Association with acute pancreatitis
In a separate study, researchers aimed to determine whether these drugs were associated with an increased risk for acute pancreatitis by performing a large population-based cohort study using combined health records from seven centers in Canada, the U.S. and the U.K.
They identified 1,532,513 patients with type 2 diabetes (51% men; mean age, 56.6 years; 3,464,659 person-years follow-up) who began using antidiabetic drugs from 2007 through June 2013, and were followed-up through June 2014. Then they performed nested case-control analyses of patients hospitalized with acute pancreatitis and up to 20 matched controls.

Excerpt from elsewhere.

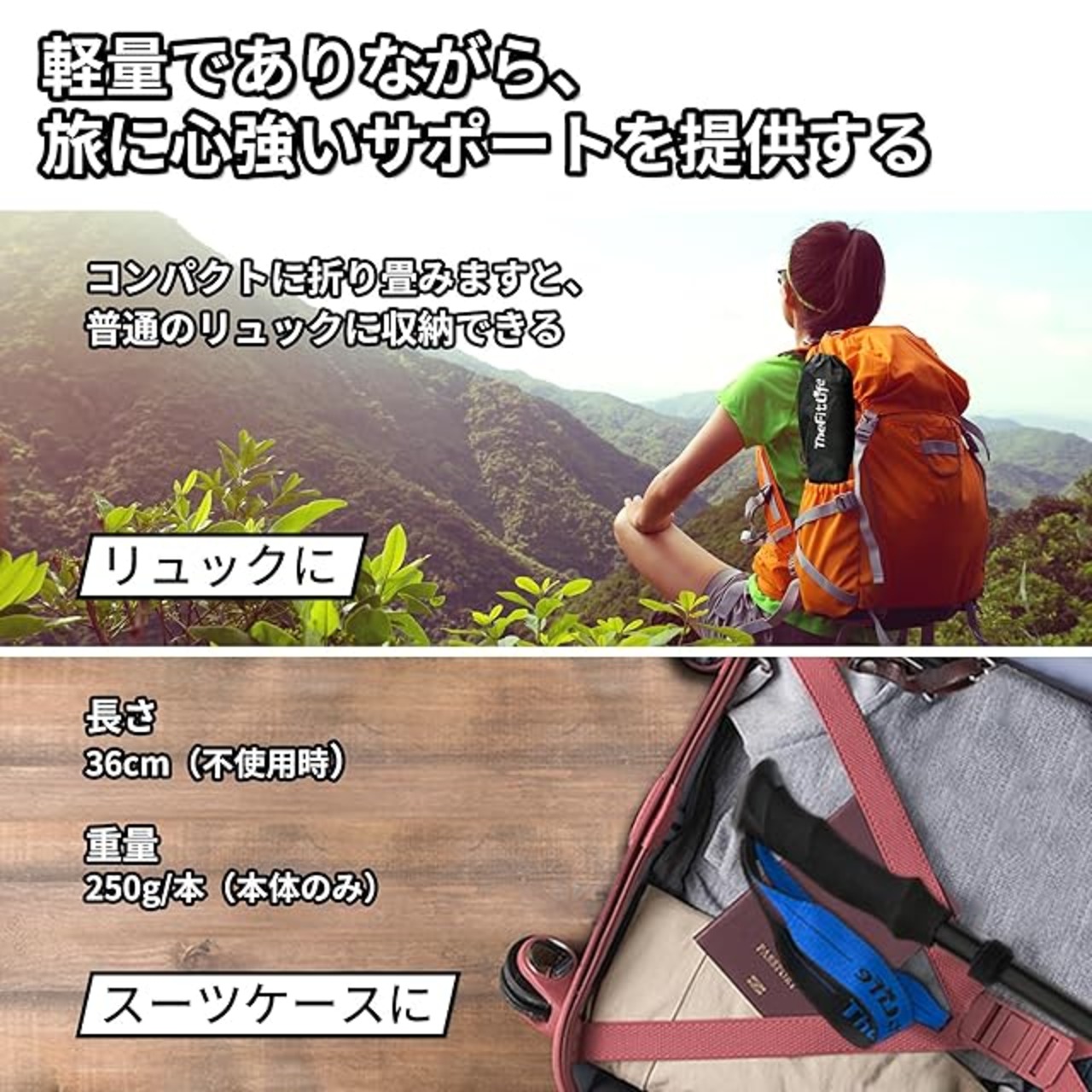 【ポールは軽いほど良い】軽いポールを使用することで、腕が疲れにくくなります。TheFitLifeの折畳み式のトレッキングポール1本の重量はわずか0.25kgですので(本体のみ)、長い距離の登山にはずいぶん役が立っています。ポールが軽ければ、体力回復しながら長い距離を歩けることは遥かに簡単になります。

Throughout the study period, 5,165 patients were hospitalized for acute pancreatitis, for a corresponding incidence rate of 1.49 per 1,000 person-years. Neither incretin-based drug appeared associated with an increased risk for acute pancreatitis compared with current use of two or more oral antidiabetic drugs, and the risk did not vary by drug class or duration of use.
Conversely, the FDA adverse event reporting system “consistently shows a signal for acute pancreatitis with ... DPP-4 inhibitors and GLP-1 mimetics,” as well as a signal for pancreatic cancer with GLP-1 drugs, Butler wrote in his editorial.
“The absence of pancreatitis associated with GLP-1-based therapy in retrospective analyses, even in a large cohort, falls short of the gold standard, the [randomized clinical trial],” he added. “The same critique can be made of the retrospective cohort study by the same group, which found no association between pancreatic cancer and GLP-1-based therapy ... However, given the shortcoming of the FDA adverse event reporting system, and since it is not feasible to perform an RCT of sufficient size to address the potential for increased risks for relatively infrequent events such as pancreatic cancer, analyses of large patient cohorts after more prolonged drug exposure are required.” – by Adam Leitenberger
Butler PC. JAMA Intern Med. 2016;doi:10.1001/jamainternmed.2016.1523.
Azoulay reports no relevant financial disclosures. Please see the full study for a list of all other researchers’ relevant financial disclosures. Butler reports he is a member of the scientific advisory board for Semma Therapeutics.